Según la Secretaría de Energía, esta medida es necesaria debido a que actualmente no hay suficiente capacidad de transporte para que el gas disponible en la cuenca llegue en volúmenes adecuados a los principales centros de consumo, especialmente en el Área Metropolitana de Buenos Aires (AMBA) y el Litoral. De este modo, se considera esencial complementar el suministro con GNL durante los meses de invierno.
Privatización y rol del Estado
Este cambio forma parte de la estrategia del Gobierno de avanzar en la privatización de activos y funciones de ENARSA, con la finalidad de reducir la participación del Estado en el mercado energético. La meta es que el sector público se vea más centrado en su papel regulador, estableciendo reglas claras, asegurando la transparencia y garantizando el suministro de energía.

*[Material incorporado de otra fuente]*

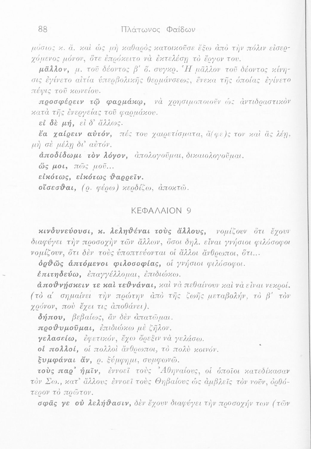 Σχολικό εγχειρίδιο Αρχαίων Ελληνικών. Το βιβλίο περιλαμβάνει εισαγωγή σχετικά με τη ζωή και το έργο του Πλάτωνα και αναφέρεται σε φιλοσόφους της εποχής. Παραθέτεται το κείμενο "Φαίδων : Η περί ψυχής ηθικός" το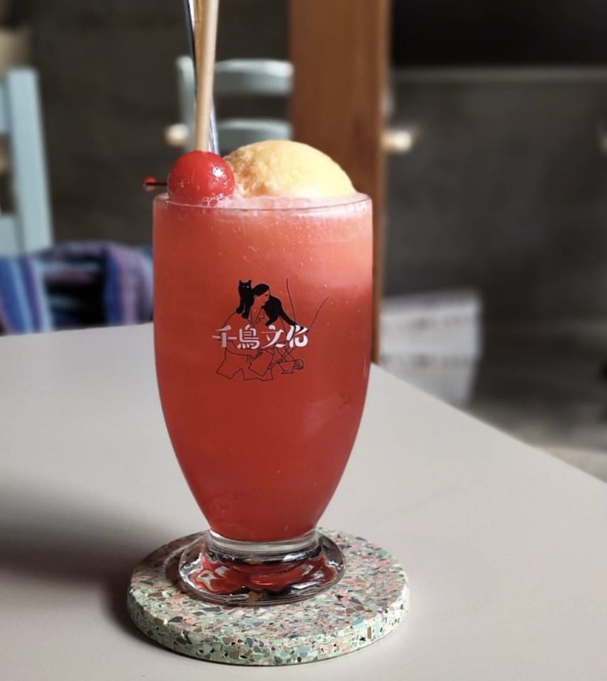 北加賀屋のカフェ『千鳥文化』さんの、ざくろのクリームソーダが美味しKawaii!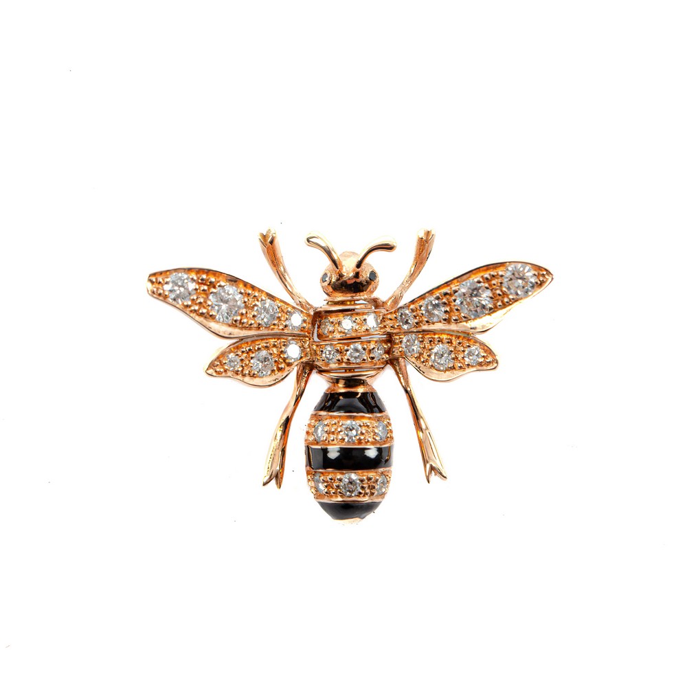 SPILLA a guisa di ape in oro 18 KT con brillanti e smalti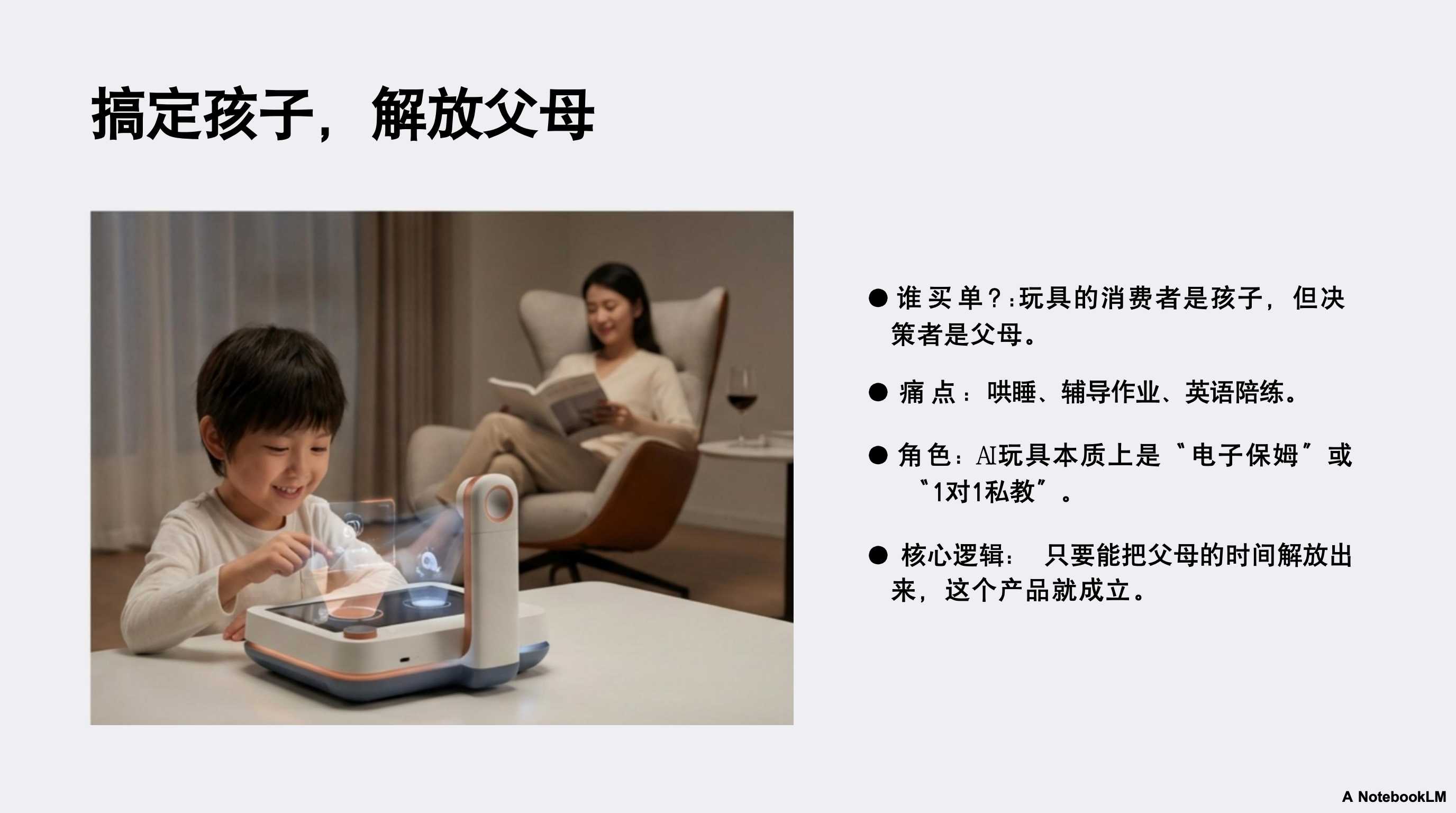 - 11:10 儿童市场的真实痛点:AI 玩具不仅仅是玩具,在家长眼中,它更像是一个能分担精力的“家庭助教”或“故事大王” 。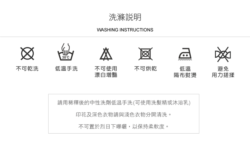 ► 建議可使用洗髮精、沐浴乳(可直接清洗皮膚之清潔產品)或蠶絲專用中性洗劑,使用低溫冷水稀釋過後,不浸泡,輕柔手洗方式進行清潔。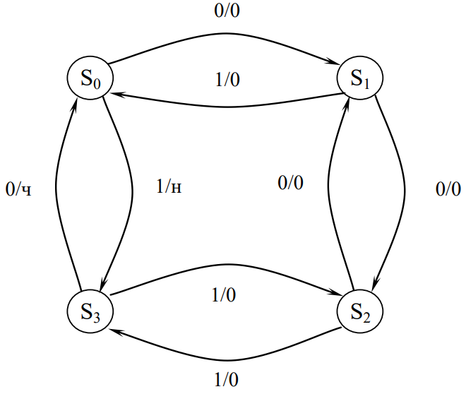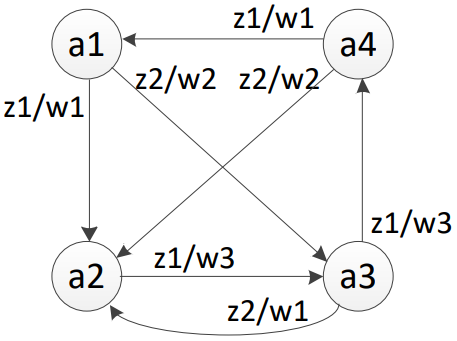 1 Задание: задан автомат Мили в виде графа. Построить совмещенную таблицу переходов/выходов. Найти эквивалентный ему автомат Мура, построить граф и отмеченную таблицу переходов.
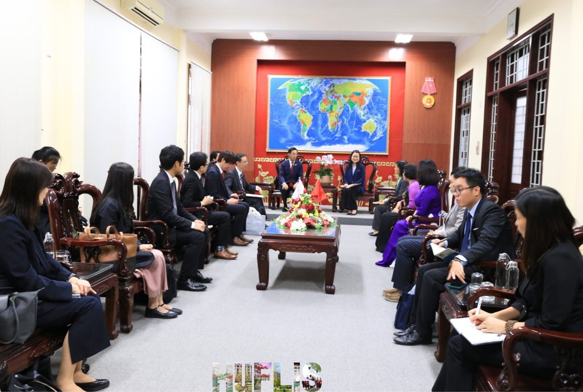 Tham dự đón tiếp đoàn, phía Trường Đại học Ngoại ngữ có Tiến sĩ Nguyễn Hồ Hoàng Thủy, Phó Hiệu trưởng Nhà trường, cùng đại diện lãnh đạo các đơn vị liên quan. Tại buổi tiếp đón, TS. Nguyễn Hồ Hoàng Thủy đã nồng nhiệt chào đón các đại biểu đoàn công tác Phủ Kyoto đến thăm Trường Đại học Ngoại ngữ; đồng thời giới thiệu về Trường, về chương trình đào tạo ngôn ngữ và văn hóa Nhật Bản tại Trường, cũng như các mối quan hệ hợp tác Trường đã thực hiện với các tổ chức, cơ sở giáo dục và doanh nghiệp tại Nhật Bản. Cũng nhân dịp này, TS. Nguyễn Hồ Hoàng Thủy bày tỏ mong muốn nhận được hỗ trợ của Phủ Kyoto để mở rộng các hợp tác về giáo dục với các cơ sở giáo dục và doanh nghiệp ở Kyoto.

De acuerdo con la nueva normativa, ENARSA dejará de ser responsable de la importación y comercialización de GNL, tarea que pasará al sector privado. Hasta ahora, el Estado compraba GNL a precios internacionales, que oscilaban entre 15 a 17 dólares por MMBTU, para luego venderlo en el mercado interno a precios cercanos a 2,7 dólares por MMBTU, utilizando subsidios para cubrir la diferencia.

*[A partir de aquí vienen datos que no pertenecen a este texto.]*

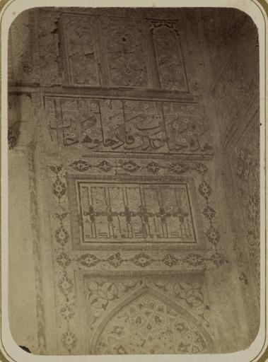 | Keywords: Antiquities of Samarkand. Mausoleum of the Emir Timur Kuragan (Gur-Emir). Inscription along the Sides and inside the Main Entry Niche WDL3724.png Artwork ru Богаевский иколай Владими ович 1843 1912 гг fr Bogaevskii Nikolaï V 1843-1912 en Bogaevskii Nikolai V 1843-1912 zh 亚历山大·L· ,1840-1888 年 pt Bogaevskii Nikolai V 1843-1912 ar بوغافسكي، نيكولاي ف ، 1843-1912 es Bogaevskii Nikolai V 1843-1912 ru Сама кандские д евности авзолей эми а Тиму а Ку агана Гу -Эми адписи по сто онам и внут и главной входной ниши fr Antiquités de Samarcande Mausolée de l'émir Timour Kuragan Gour Emir Inscription le long des côtés et à l'intérieur de la niche de l'entrée principale en Antiquities of Samarkand Mausoleum of the Emir Timur Kuragan Gur-Emir Inscription along the Sides and inside the Main Entry Niche zh 撒马尔罕古迹 埃米尔帖 儿·库拉甘的陵墓(古尔-埃米尔) 主入口壁龛外侧与内侧的铭文 pt Antiguidades de Samarcanda Mausoléu de Tamerlão Gur-Emir Inscrição nas laterais e dentro do nicho da entrada principal ar آثار سمرقند ضريح الأمير تيمور كوراغان گورِ أمير نقش بطول الجانبين وداخل مِشْكاة المدخل الرئيسي ru Эта фотог афия детали главной входной а ки во дво мавзолея Гу -Эми в Сама канде Узбекистан соде жится в а хеологической части <em> Ту кестанского альбома </em> Шеститомное фотог афическое исследование было подготовлено и издано в 1871 1872 гг под пат онажем гене ала Константина П фон Кауфмана пе вого гене ал-губе нато а 1867 1882 гг Ту кестана как называли в то в емя те ито ию Цент альной Азии п инадлежавшую Российской импе ии В альбоме уделяется особое внимание исламскому а хитекту ному наследию Сама канда включая Гу -Эми на пе сидском языке означает г обница повелителя Гу -Эми известен в пе вую оче едь как место захо онения Тиму а Таме лана хотя Тиму начал его ст оительство еще в 1403 г в память своего любимого внука ухаммада Султана уме шего в воз асте 27 лет После похо он Тиму а в 1405 г Гу -Эми стал мавзолеем Тиму идов а фотог афии видно левое к ыло а ки входной ниши <em>айвана</em> сводчатый зал с одним отк ытым концом ок уженный с т ех сто он стенами Хотя фасад пост адал здесь п едставлены азнооб азные многоцветные ке амические ук ашения асположенные на четы ех у овнях Панель ст ельчатой а ки в нижней части соде жит цветочные мотивы внут и сложного геомет ического узо а а панели над ней изоб ажена деко ативная сетка с цветочными элементами а следующей панели видна пе сидско-а абская надпись удлиненным письмом пе емежающаяся с цветочными узо ами а ве хнем у овне находится го изонтальная полоса из фаянсовых сегментов с лучистыми цветочными фигу ами <br>А хитекту ные ук ашения и деко ативные элементы; адписи; Исламская а хитекту а; Фотог афические исследования; огильные памятники; Тиму 1336-1405 гг ; Г обницы fr Cette photographie des détails de l'arceau de l'entrée principale menant vers la cour du mausolée de Gour Emir à Samarcande Ouzbékistan est extraite de l'ouvrage archéologique <em>Album du Turkestan</em> Cet inventaire photographique en six volumes fut réalisé entre 1871 et 1872 sous le patronage du général Konstantin P von Kaufman premier gouverneur général 1867-1882 du Turkestan nom donné aux territoires d'Asie centrale de l'Empire russe L'album consacre une attention particulière à l'héritage de l'architecture islamique de Samarcande notamment Gour Emir « tombe du souverain » en persan Bien qu'il soit principalement connu comme le lieu de sépulture de Tamerlan Gour Emir fut commencé sous Tamerlan en 1403 pour commémorer la mort de son petit-fils bien-aimé le sultan Mahomet à l'âge de 27 ans Lorsque Tamerlan y fut enterré en 1405 Gour Emir devint le mausolée des Timourides Cette vue présente le flanc gauche de la niche située dans l'arceau de l'<em>aivan </em> salle voûtée dotée de trois murs et d'un côté ouvert de la structure d'entrée Malgré les dommages sur la façade les quatre niveaux dans cette vue présentent des ornements en céramique polychrome variés Dans la partie inférieure le panneau de lambris est décoré de figures à fleurs disposées dans des motifs géométriques sophistiqués Au-dessus le panneau contient une grille décorative et des éléments floraux Le dernier panneau est doté d'une inscription perso-arabe en caractères allongés entrelacés de motif à fleurs Une bande horizontale composée de segments de faïence avec des figures à fleurs rayonnantes occupe la partie supérieure de la photo

Cambio en la dinámica comercial
Con este nuevo esquema, se eliminará la intermediación estatal, trasladando las responsabilidades operativas y comerciales al sector privado. Se adjudicará el acceso a la capacidad de regasificación en la terminal de Escobar mediante licitación, donde el operador seleccionado se encargará de importar el GNL, realizar su regasificación e inyectarlo al sistema para abastecer tanto a las distribuidoras como a las usinas eléctricas.

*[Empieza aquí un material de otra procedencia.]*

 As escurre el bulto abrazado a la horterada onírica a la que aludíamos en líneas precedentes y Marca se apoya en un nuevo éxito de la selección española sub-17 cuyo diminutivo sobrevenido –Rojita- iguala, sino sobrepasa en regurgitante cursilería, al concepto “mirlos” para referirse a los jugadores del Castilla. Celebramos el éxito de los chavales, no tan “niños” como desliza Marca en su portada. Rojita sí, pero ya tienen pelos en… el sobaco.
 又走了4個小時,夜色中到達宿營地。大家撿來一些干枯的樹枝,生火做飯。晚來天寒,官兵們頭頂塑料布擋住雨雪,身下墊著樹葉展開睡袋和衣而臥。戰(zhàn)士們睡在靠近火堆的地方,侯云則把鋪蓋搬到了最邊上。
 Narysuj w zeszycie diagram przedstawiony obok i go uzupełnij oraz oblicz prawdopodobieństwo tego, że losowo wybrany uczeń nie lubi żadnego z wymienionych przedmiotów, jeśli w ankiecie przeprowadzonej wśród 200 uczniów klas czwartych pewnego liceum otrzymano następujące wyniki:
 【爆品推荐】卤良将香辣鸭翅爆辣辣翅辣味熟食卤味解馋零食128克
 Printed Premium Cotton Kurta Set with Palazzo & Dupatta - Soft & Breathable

La Secretaría de Energía definirá las condiciones y directrices operativas del proceso para asegurar previsibilidad. En caso de que el sistema no funcione adecuadamente, ENARSA podrá intervenir de manera temporal para prevenir problemas de escasez.
Medidas de control de precios y futuro proyecto
Para evitar distorsiones en un mercado donde la terminal en funcionamiento cumple un rol fundamental en el suministro, se implementará un precio máximo para el gas regasificado durante el próximo invierno. Este precio se calculará basándose en referencias internacionales, añadiendo un costo por logística y operativas (transporte, almacenamiento y comercialización). Esta tarifa adicional se determinará a través de un proceso competitivo entre distintas empresas.
El objetivo de estas medidas es revelar el funcionamiento de un mercado más transparente, donde el Estado no actúe como operador y se dedique a establecer control y normas.Argentina se encuentra también esperando el desarrollo del proyecto Argentina LNG, que está en proceso de definición comercial. YPF está en negociaciones con socios estratégicos internacionales, potenciales compradores de largo plazo y proveedores de tecnología, mientras trabaja en los aspectos contractuales y financieros necesarios para las decisiones finales de inversión.
Cabe recordar que en invierno de 2025, el Gobierno permitió a Cammesa pagar precios elevados por el gas para evitar cortes en el suministro, dado que la oferta era insuficiente bajo el Plan Gas, lo que generó problemas de disponibilidad para las centrales térmicas.
En este contexto, en junio se tuvo que interrumpir el suministro a usuarios industriales y a algunas estaciones de servicio para priorizar el abastecimiento de hogares durante una ola de frío.